Would you reproduce the whole listing exactly, dropping any pictures it holds?
==== Dataset section
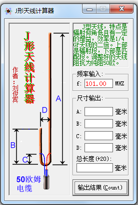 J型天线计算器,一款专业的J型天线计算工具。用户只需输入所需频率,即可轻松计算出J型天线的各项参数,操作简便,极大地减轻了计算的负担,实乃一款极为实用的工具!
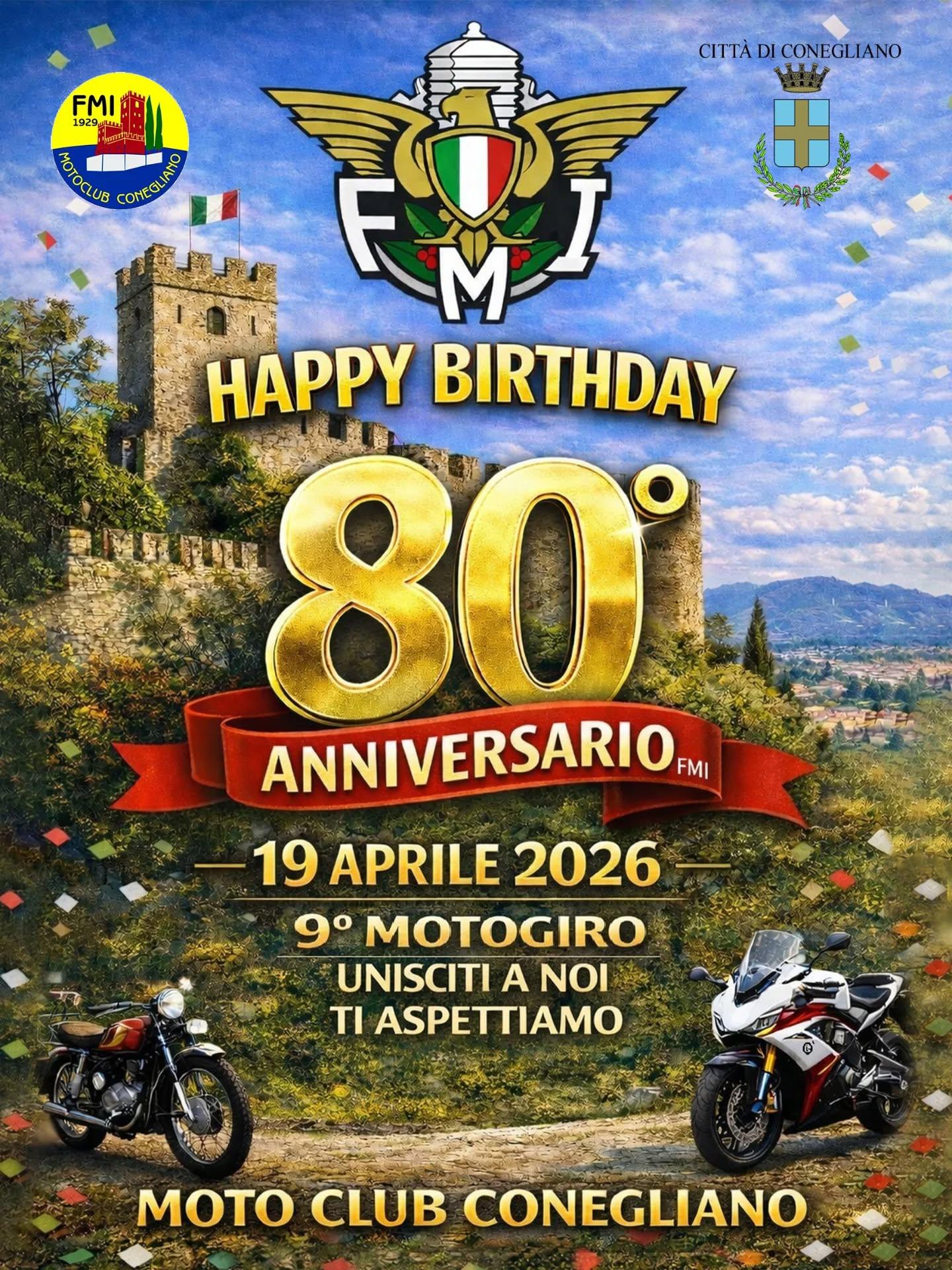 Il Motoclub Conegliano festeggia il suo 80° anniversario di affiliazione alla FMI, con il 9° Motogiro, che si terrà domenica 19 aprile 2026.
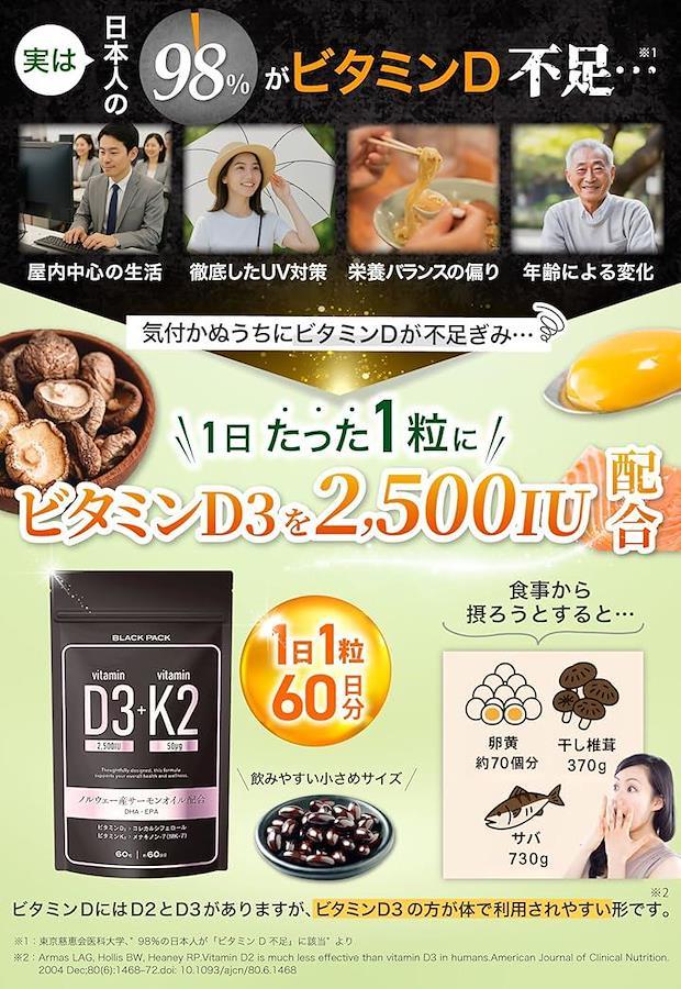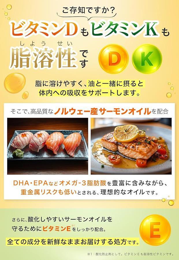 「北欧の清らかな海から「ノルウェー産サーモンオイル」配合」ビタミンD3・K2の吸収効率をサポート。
========
Output of the task ▸
 J型天线计算器,一款专业的J型天线计算工具。用户只需输入所需频率,即可轻松计算出J型天线的各项参数,操作简便,极大地减轻了计算的负担,实乃一款极为实用的工具!
 Il Motoclub Conegliano festeggia il suo 80° anniversario di affiliazione alla FMI, con il 9° Motogiro, che si terrà domenica 19 aprile 2026.
 「北欧の清らかな海から「ノルウェー産サーモンオイル」配合」ビタミンD3・K2の吸収効率をサポート。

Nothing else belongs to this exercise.